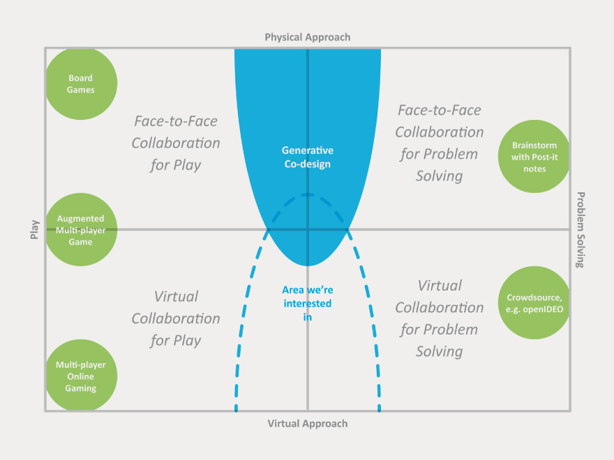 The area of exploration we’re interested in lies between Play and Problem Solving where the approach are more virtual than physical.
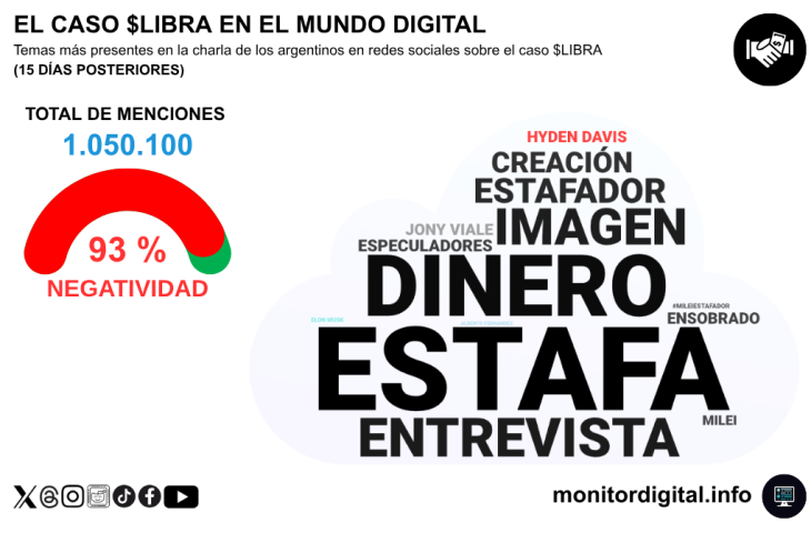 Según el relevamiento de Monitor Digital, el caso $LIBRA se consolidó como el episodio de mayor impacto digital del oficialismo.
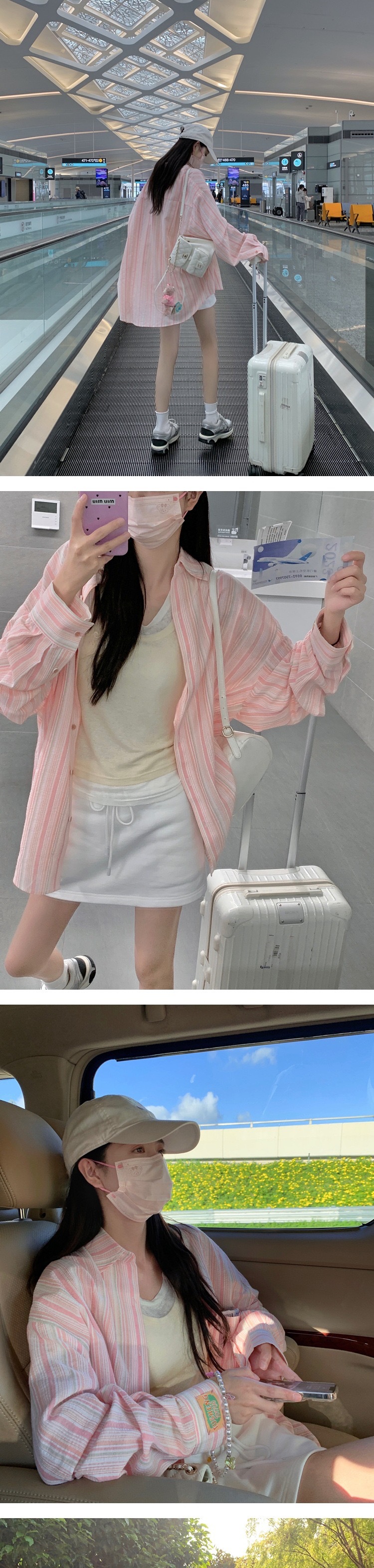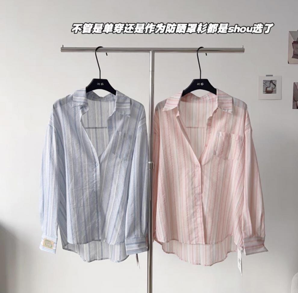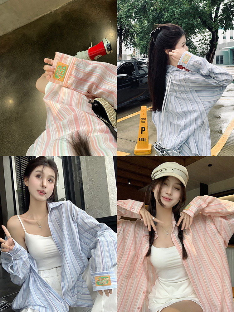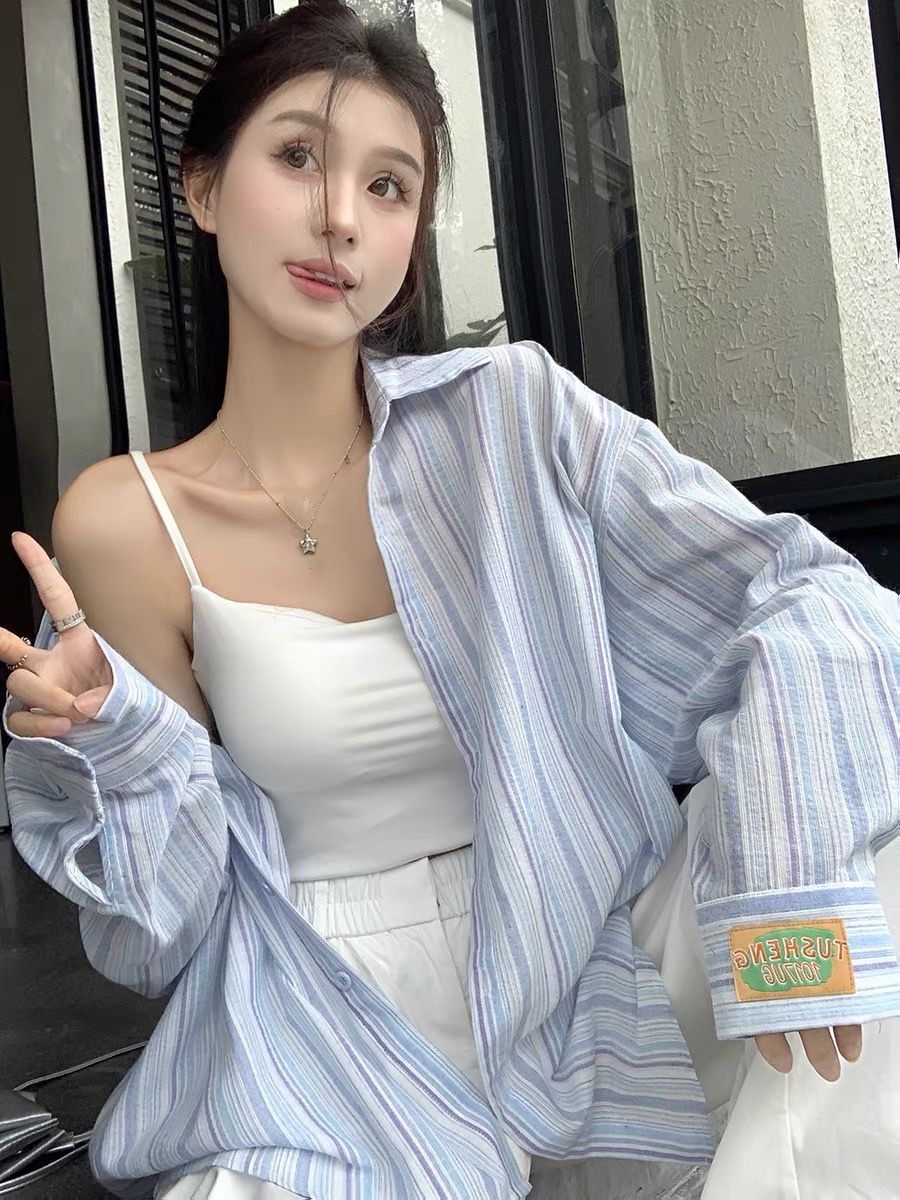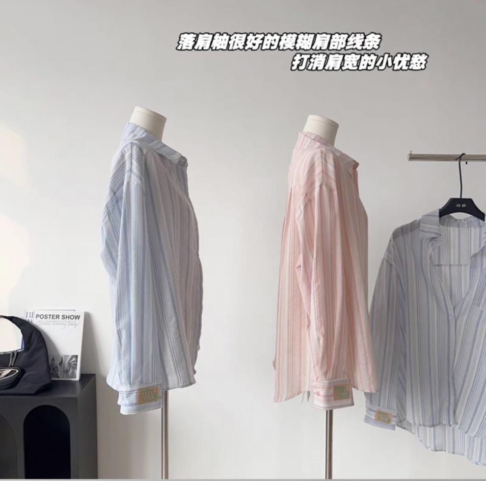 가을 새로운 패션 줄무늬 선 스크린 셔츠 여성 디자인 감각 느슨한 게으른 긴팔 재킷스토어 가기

______

Please print the listing above again word for word, without its pictures.

■ TASK SOLUTION ■
 The area of exploration we’re interested in lies between Play and Problem Solving where the approach are more virtual than physical.
 Según el relevamiento de Monitor Digital, el caso $LIBRA se consolidó como el episodio de mayor impacto digital del oficialismo.
 가을 새로운 패션 줄무늬 선 스크린 셔츠 여성 디자인 감각 느슨한 게으른 긴팔 재킷스토어 가기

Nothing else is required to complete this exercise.